Un menu dans les préférences de mon application (AppleScriptObjC) permet de changer son icône. 
Sous Tiger, Leopard, Snow Leopard, Tiger, Lion et Mountain Lion, aucun problème. Il suffisait de relancer l'application, le Finder et le Dock. 
Sous Mavericks, la nouvelle icône ne s'affiche ni dans une fenêtre du Finder, ni dans le Dock.
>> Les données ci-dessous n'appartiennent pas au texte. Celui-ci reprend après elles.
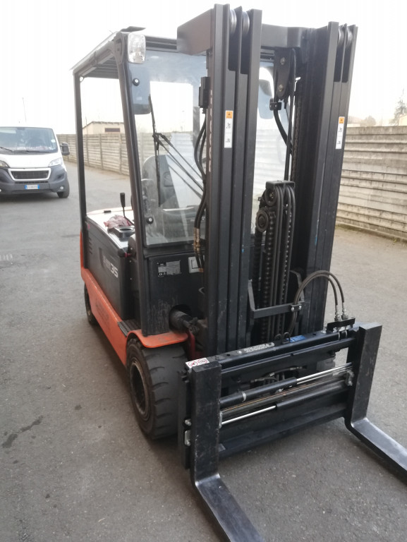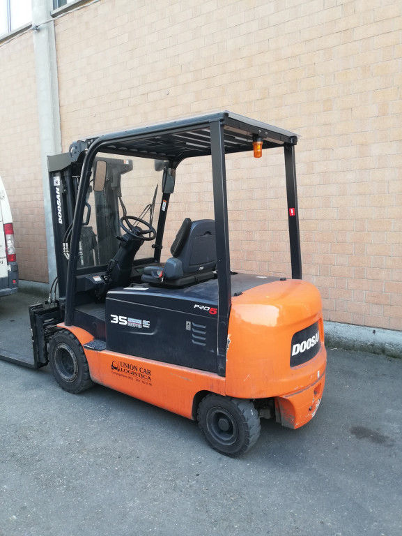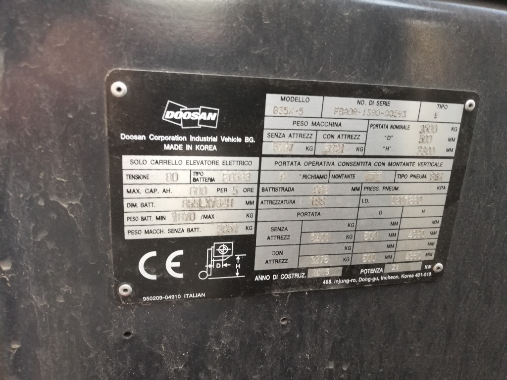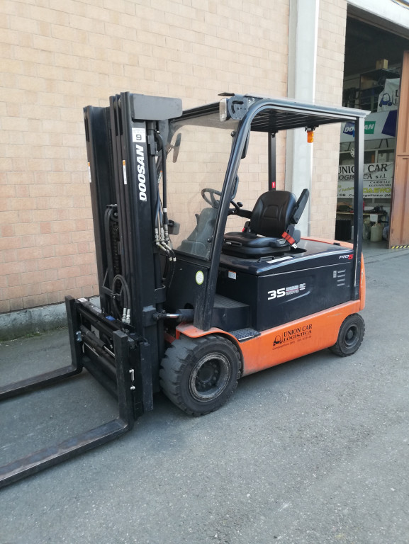 Carrelli elettrici usati di marca Doosan modello B30X-7 con propulsione Elettrica, portata 30 q.li, altezza di sollevamento 4380 mm, in vendita. Occasione.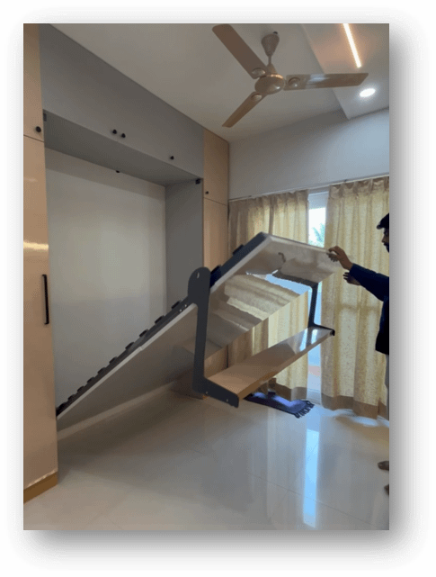 Media Room :The concept of space-saving in the media room was implemented by incorporating a hidden bed and a multifunctional storage unit. A hidden bed was strategically included to optimize space, while a versatile storage unit was designed to serve both as a workspace and for storing items.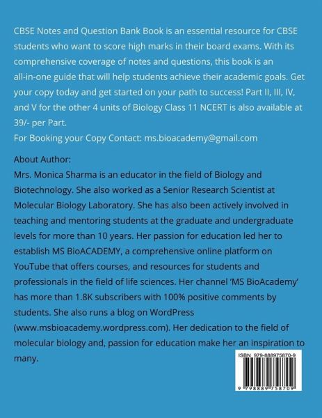 Introducing the ultimate guide for CBSE exam preparation - CBSE Notes and Question Bank Book! This comprehensive guide is designed to help students in their preparation for the CBSE board exams. The book contains a comprehensive collection of notes, and questions-answers for Biology subject for Class 11. This book has been specifically designed to meet the needs of CBSE students preparing for their board exams. The notes in this book are concise and well-organized, making it easier for students to understand the concepts and remember them for a longer time. Each chapter in the book contains detailed notes that cover all the important topics and concepts. The book also includes a comprehensive collection of questions that cover all types of questions that can be asked in the CBSE board exams. This book is an invaluable resource for CBSE students as it not only helps them prepare for the board exams but also helps them understand the subject in-depth, making it easier for them to score well in the exams. The book is written in an easy-to-understand language, making it accessible to all students, regardless of their proficiency level. In summary, CBSE Notes and Question Bank Book is an essential resource for CBSE students who want to score high marks in their board exams. With its comprehensive coverage of notes and questions, this book is an all-in-one guide that will help students achieve their academic goals. For Booking your Copy Contact: ms.bioacademy@gmail.com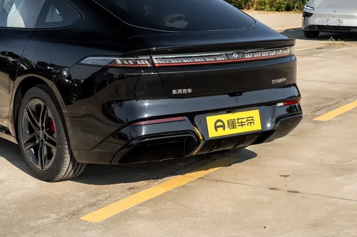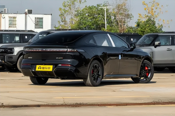 车尾部分延续了简洁而不失科技感的设计思路。贯穿式尾灯采用多点阵LED结构,点亮后层次丰富,辨识度较高。灯带横向拉伸视觉宽度,使整车尾部看起来更加稳重。值得一提的是,eπ007配备了电动升降扰流板,这一设计不仅在视觉上增强运动氛围,同时在高速行驶时也能提供一定的下压力,有助于提升稳定性。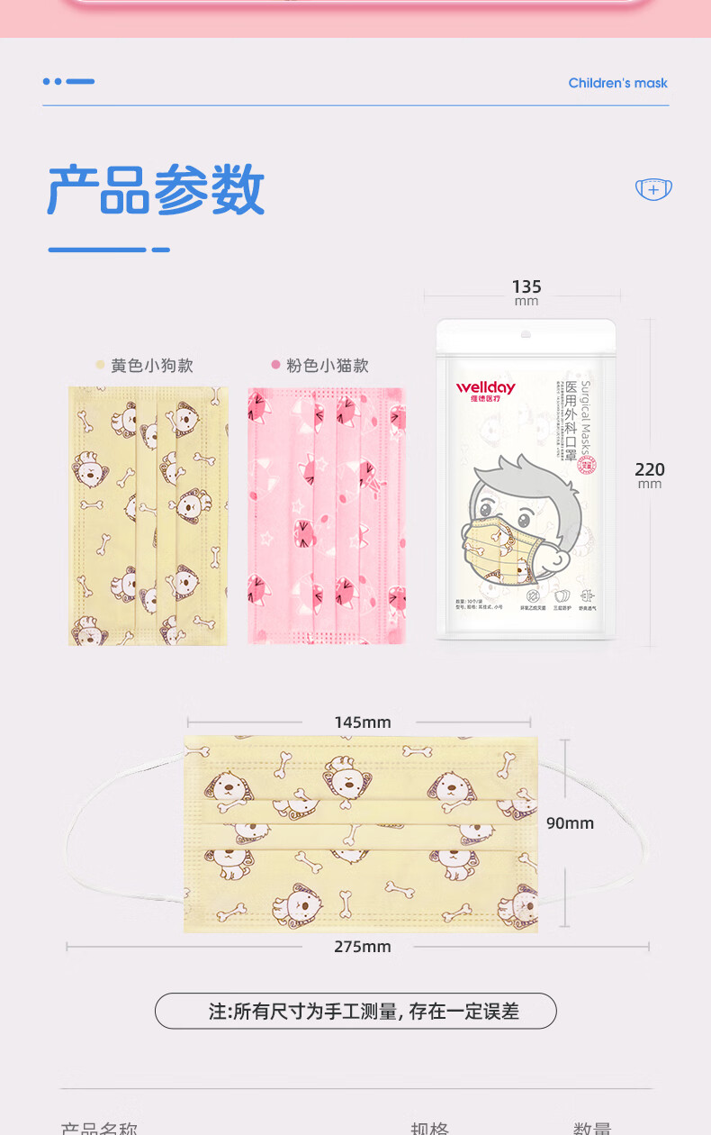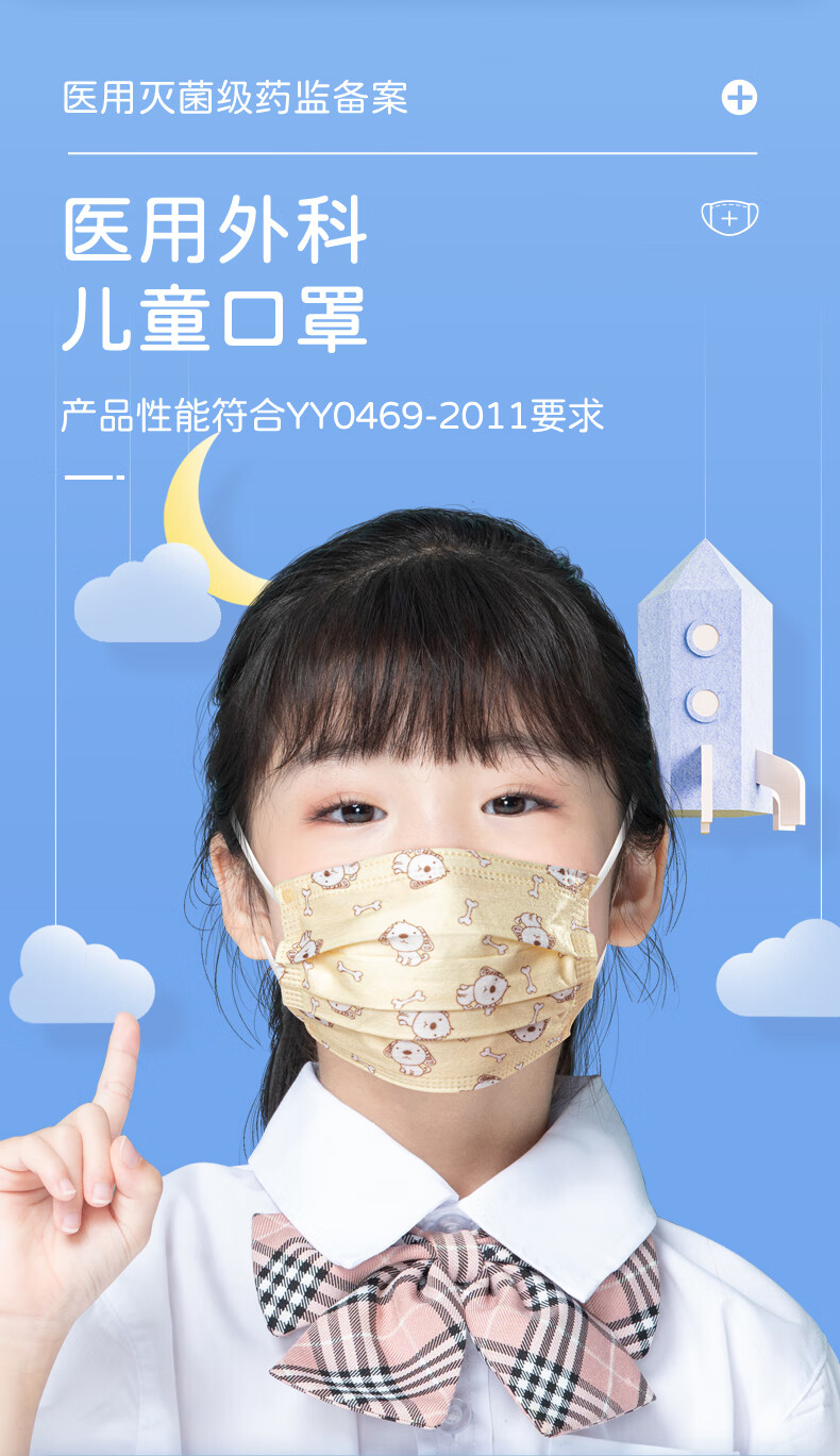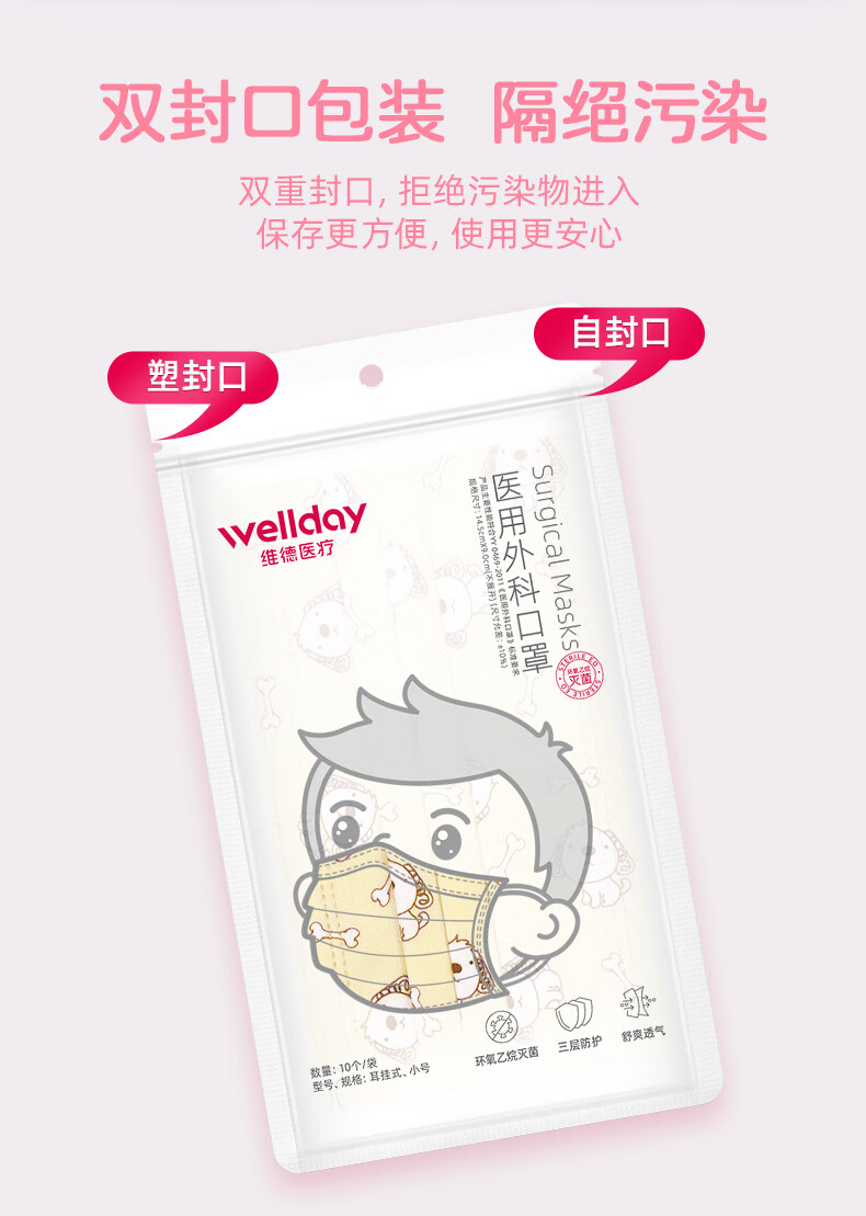维德(WELLDAY)儿童医用外科口罩三层防护灭菌级防病毒细节飞沫秋冬季透气防风 医用外科灭菌级【100只】小黄狗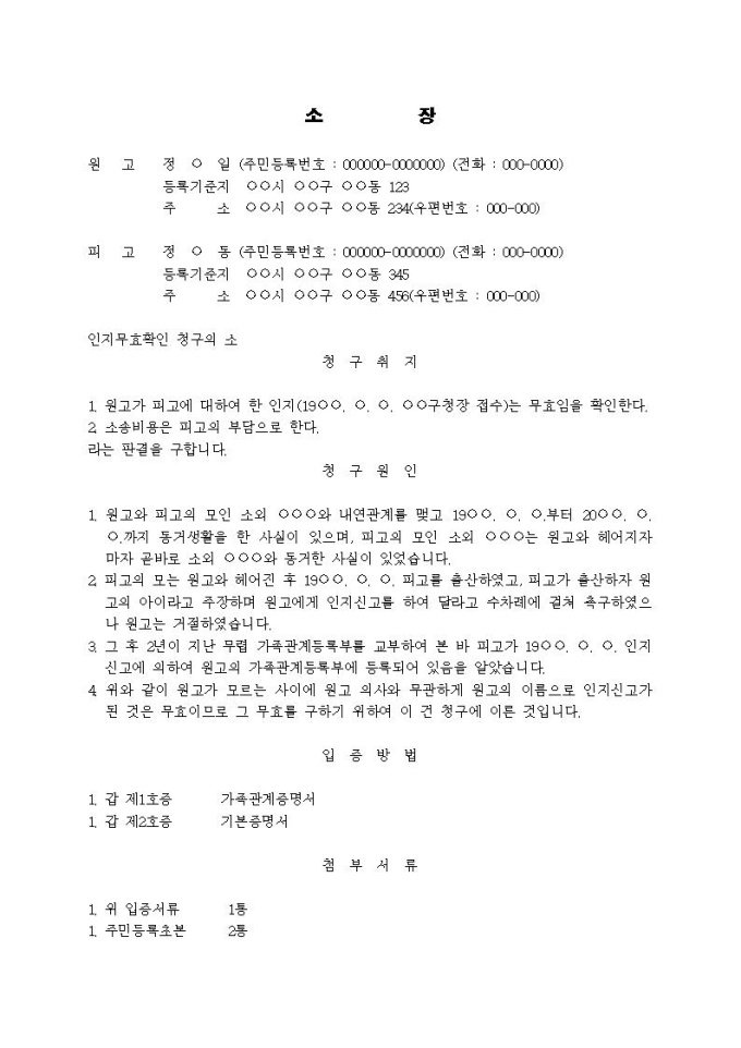 인지무효확인 청구의 소장(원고의 의사에 반한 인지신고)(3)입니다.

Pourtant la routine fonctionne bien, l'icône est bien modifiée dans l'application (Content/Resources/xxx.icns). 
Si quelqu'un sait quelle processus relancer pour rafraichir l'icône dans le Dock et dans les fenêtres du Finder... je suis preneur parce que là, je sèche. 

Merci d'avance.


----------



## ceslinstinct (15 Août 2014)

OnyX a dit:


> Bonjour, bonsoir,
> 
> 
> Si quelqu'un sait quelle processus relancer pour rafraichir l'icône dans le Dock et dans les fenêtres du Finder... je suis preneur parce que là, je sèche.
> ...



Bonsoir

Il m'arrive sous Montain Lion qu'un changement d'icône refuse de se faire (ancienne icône dans le dossier, nouvelle icône si déplacement sur le bureau ancienne icône si retour dans le dossier.)

Si dans le dossier affichant l'ancienne icône je change le format de 128 (c'est le format de mes icônes) en 256 et retour en 128, alors la affichage de la nouvelle icône.

C'est pas la réponse recherchée, mais si ça peu donner une idée.

@+


----------



## OnyX (16 Août 2014)

Merci ceslinstinct.

Je n'avais pas ce problème sous ML.
Il semble que la gestion de certains cache est différente sous Mavericks. :mouais:

Depuis le Finder, si je duplique l'application, pas de problème. L'application dupliquée affiche la bonne icône mais pas l'application originale...


----------